日本では「貧しい高齢者」が増えている
「若年層に比べ、高齢者は裕福」というイメージを持っている方も多いだろう。では、本当に高齢者は裕福なのだろうか。
65歳から年金を受給した場合、厚労省の「2019年度厚生年金保険・国民年金事業の概況」によると、サラリーマン等が受け取る老齢厚生年金受給者の平均額は月14万6162円、自営業者等の受け取る国民年金の平均額は月5万6049円に過ぎない。
「老後資金2000万円必要」の根拠は、現在の高齢無職世帯の収支(平均値)が、年金収入では足りない赤字を、貯金を取り崩して補っている金額(33000円)から導かれています。
平均なので全員が赤字でもないし、貯金が潤沢にあって積極的に使っている人もいるでしょうから、単純に赤字・不足分と考えるべき性質ではありませんが。
「取り崩せる貯金がある」程度には余裕があるとは言えても、いわゆる「ゆとりある老後生活」をおくれているのは一握りで、多くの高齢者は質素な生活をしていると思います。
今の若年層と比べると、現役時代は国民負担率が低かったので恵まれているのは間違いないでしょう。
金融資産を持っているのは高齢者
裕福な老後を送っている高齢者は少ないのに、「高齢者は裕福」というイメージになる理由の一つは、日本の個人金融資産の多くを高齢者が持っていることでしょう。
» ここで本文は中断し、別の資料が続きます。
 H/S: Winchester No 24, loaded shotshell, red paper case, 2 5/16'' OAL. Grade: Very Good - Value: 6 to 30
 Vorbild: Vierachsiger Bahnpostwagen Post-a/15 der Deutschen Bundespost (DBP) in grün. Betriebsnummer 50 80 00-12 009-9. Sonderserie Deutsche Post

保有金融資産が最も多いのは60代で平均1600万円超。ただし中央値は650万円なので、半数は650万円以下という現実もあります。
そもそも、現役時代にお金を貯めていくから年代が上ほど金融資産が多いわけですし、60代で退職金をもらった人も多いので当然なんですけどね。
年金が少ない人の生存戦略は?
今の高齢者が裕福な人ばかりではないし、今後はさらに貯金も年金も少ない老後を迎える人が増えていくでしょう。
そのように苦しい老後生活が予想される人の生存戦略については、もっと話題にされた方がいいと思っています。
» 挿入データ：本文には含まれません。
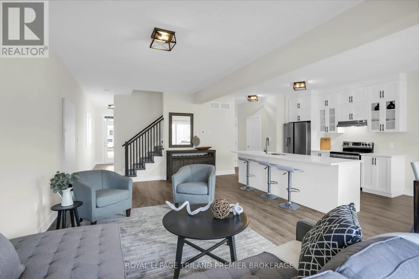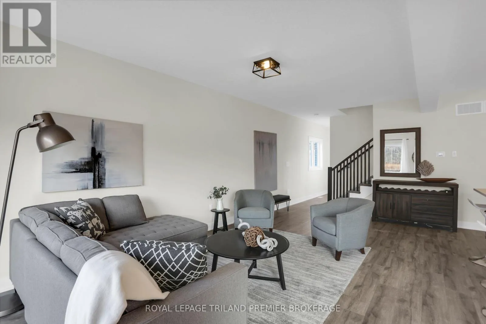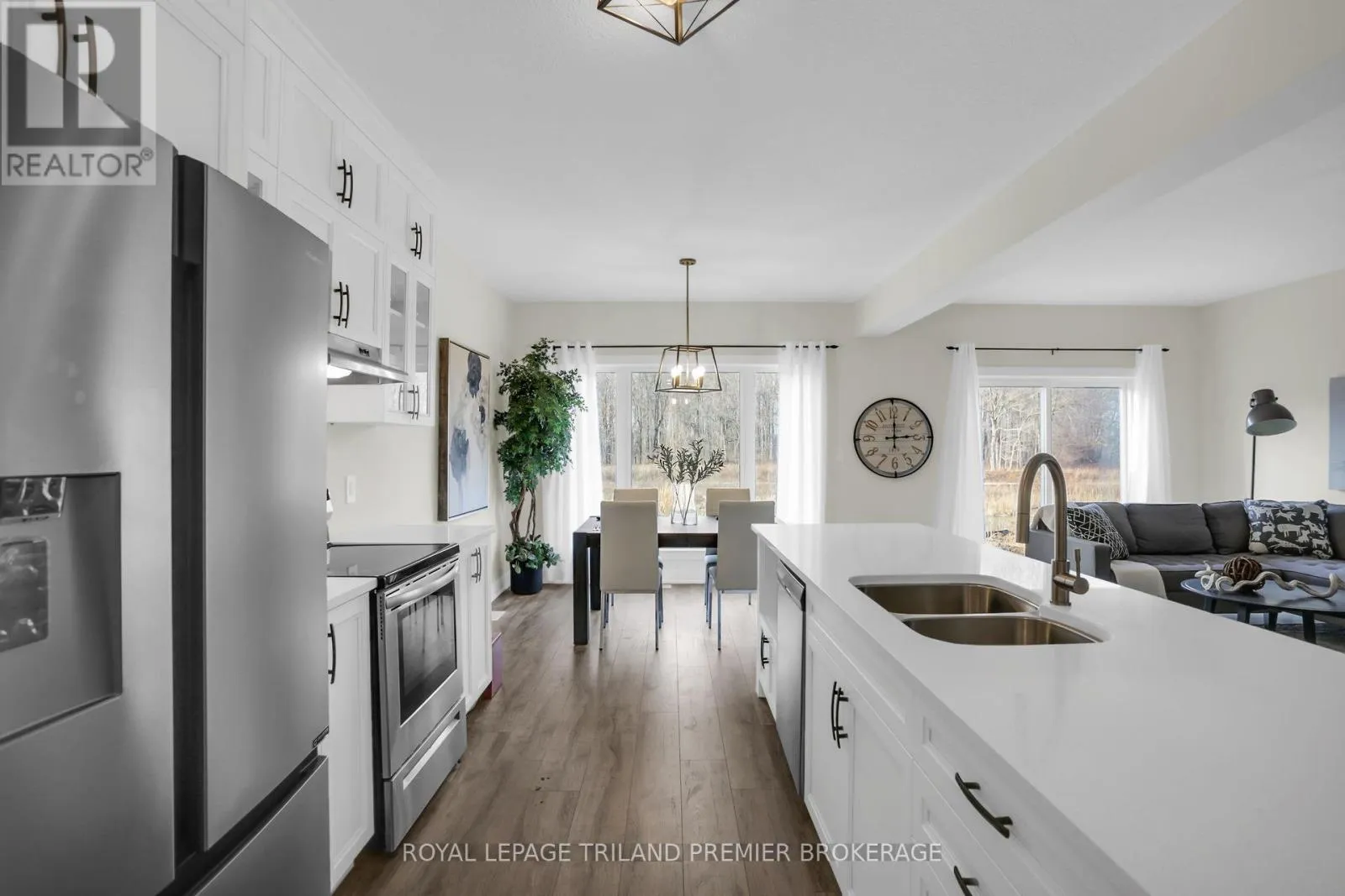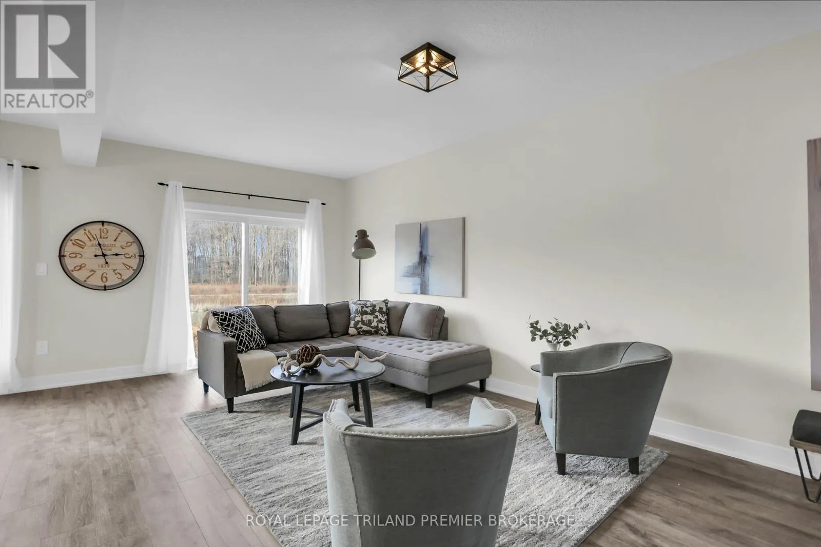 Cross Streets: CHICKADEE AND ORIOLE. ** Directions: FROM HAMILTON ROAD HEAD WEST ON ORIOLE DRIVE. TO BE BUILT! Sunlight Heritage Homes presents The Warren. 1957 sq ft of expertly designed living space located in desirable Old Victoria on the Thames. Enter into the generous open concept main level featuring kitchen with quartz countertops, 36" upper cabinets with valance and crown moulding, microwave shelf and island with breakfast bar; great room with 9' ceilings and large bright window, dinette with sliding door access to the backyard and convenient main floor 2-piece bathroom. The upper level includes 4 spacious bedrooms including primary suite with walk in closet and 5-piece ensuite with double sinks; laundry room and main bathroom that has cheater ensuite access to second bedroom. Bright walk-out basement with access to backyard and pond. Other standard inclusions: Hardwood flooring throughout main level (except bathroom), 5' patio slider, 9' ceilings on main level, bathroom rough-in in basement, drywalled garage and more! Other lots and plans to choose from. Photos are from model home and show upgraded items. (id:27476)

老後サバイバルするための生存戦略として、私が必要だと感じているのは以下の項目です。
- 支出を抑える(節約)
- 老後も可能なら働く
- 繰り下げ受給で年金額を増やす
- 公的な制度・サービスを活用する
少ない年金で老後サバイバルするためには、知識と技術は欠かせません。
年金受給開始年齢(標準)が65歳からさらに後ろにずらされることはなくても、年金額が目減りすることで、自ら繰り下げを選ばなければならなくなる覚悟はしておくべきでしょう。